I had looked into DecimalFormat class but I am able to format only number of precisions.

public static void main(String[] args) {
        DecimalFormat formatter = new DecimalFormat("#0.'('##')'");

        double d = ((double)1)/ (double)3;
        System.out.println("formatted "+formatter.format(d));
        System.out.println(d);


        d = ((double)1)/ (double)2;
        System.out.println("formatted "+formatter.format(d));
        System.out.println(d);


        d = ((double)3)/ (double)41;
        System.out.println("formatted "+formatter.format(d));
        System.out.println(d);

    }

Output:

formatted 0.33()
0.3333333333333333
formatted 0.5()
0.5
formatted 0.07()
0.07317073170731707

Is there any built-in class in Java available to achieve the same?

Upvotes: 3

Views: 298

Answers (3)

floxbr
floxbr

Reputation: 154

As pointed out in the comments, if you only have a String representation, to begin with, there is no way to tell if there is actually some repeating part to it or if the precision simply is not high enough.

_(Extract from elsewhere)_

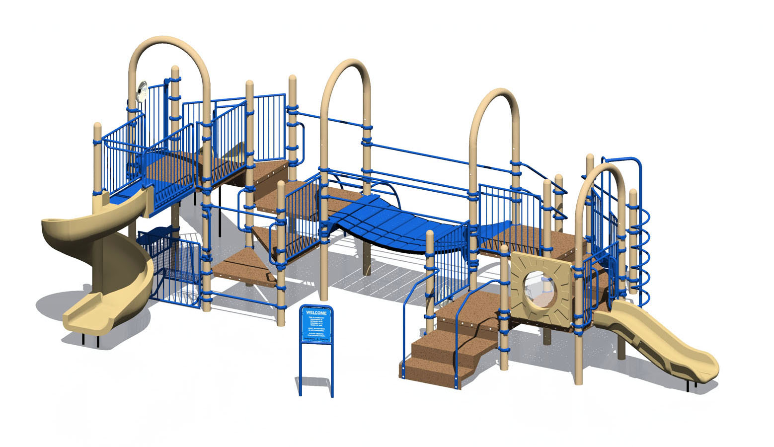 PipeLine 9886 Features/Activities: Play Area, Equipment Only: 35' x 22' (10.7m x 6.8m) Minimum Safe Use Zone: 47' x 34' (14.4m x 10.4m) 9886 Features: Accessible Transfer Station 8" (21cm) Riser, Arch Climber, Baluster Wall (3), Baluster Wall with Ship's Wheel, Bubble Panel, Coil Climber, Decorative Arch (4), Steel Grade Climber with Handrails, Kid's Bench, Lookout Platform with Ship's Wheel, Spiral Slide Chute, Storefront Countertop, Perforated Steel Suspension Bridge with Handrails, Talk Tube, Curved Tot Slide Chute, Wave Chute, Welcome/Rules Sign Colors Illustrated: Posts: Coffee Tan Accessories: Regal Blue Decks: SofDek Plastic-coated Perforated Steel, Brown Plastic: Tan Accessibility Profile: 13 Total Play Components 10 Elevated Play Components (6 Accessible) 3 Ground Level Play Components (3 Accessible) Downloads: View or Download: |

However, from your sample, it seems that you actually want to find the repeating part of fractions where you know both the numerator and denominator as an exact integer. That is not too hard of a problem; for example, you can look at https://codereview.stackexchange.com/questions/87522/decimal-expansion-of-a-rational-number

=== Update ===

I was working on a class representing a rational number with numerator and denominator as BigIntegers (and assumed to be reduced as far as possible). There I implemented a method to produce a representation as decimal String and came up with the following:

public String toDecimalString() {

    var result = new StringBuilder();

    var remainders = new HashMap<BigInteger, Integer>();

    if(!isNonNegative()) result.append("-");
    var divAndRem = numerator.abs().divideAndRemainder(denominator);
    result.append(divAndRem[0].toString());

    if(isWholeNumber()) return result.toString();

    result.append(".");

    int currentPosition = result.length();
    remainders.put(divAndRem[1], currentPosition);

    while(!divAndRem[1].equals(BigInteger.ZERO)) {
        divAndRem = divAndRem[1].multiply(BigInteger.TEN).divideAndRemainder(denominator);
        result.append(divAndRem[0].toString());
        if(remainders.containsKey(divAndRem[1])) {
            int periodStart = remainders.get(divAndRem[1]);
            return result.substring(0, periodStart)+"["+result.substring(periodStart)+"]";
        }
        remainders.put(divAndRem[1], ++currentPosition);
    }

    return result.toString();

}

Upvotes: 2

Joop Eggen
Joop Eggen

Reputation: 109613

Unfortunately I do not know of such a class, maybe mathematicians know. The problem is that one a part of the infinite representations are turned to finite ones, and calculating with repeated groups must be done symbolically, not with some immediate binary numbers. (A nice student project maybe.)

double is flawed. One could make one's own class based on BigDecimal that can identify repeating decimals, and store such "infinite" numbers. Many infinite numbers like π still will be unusable.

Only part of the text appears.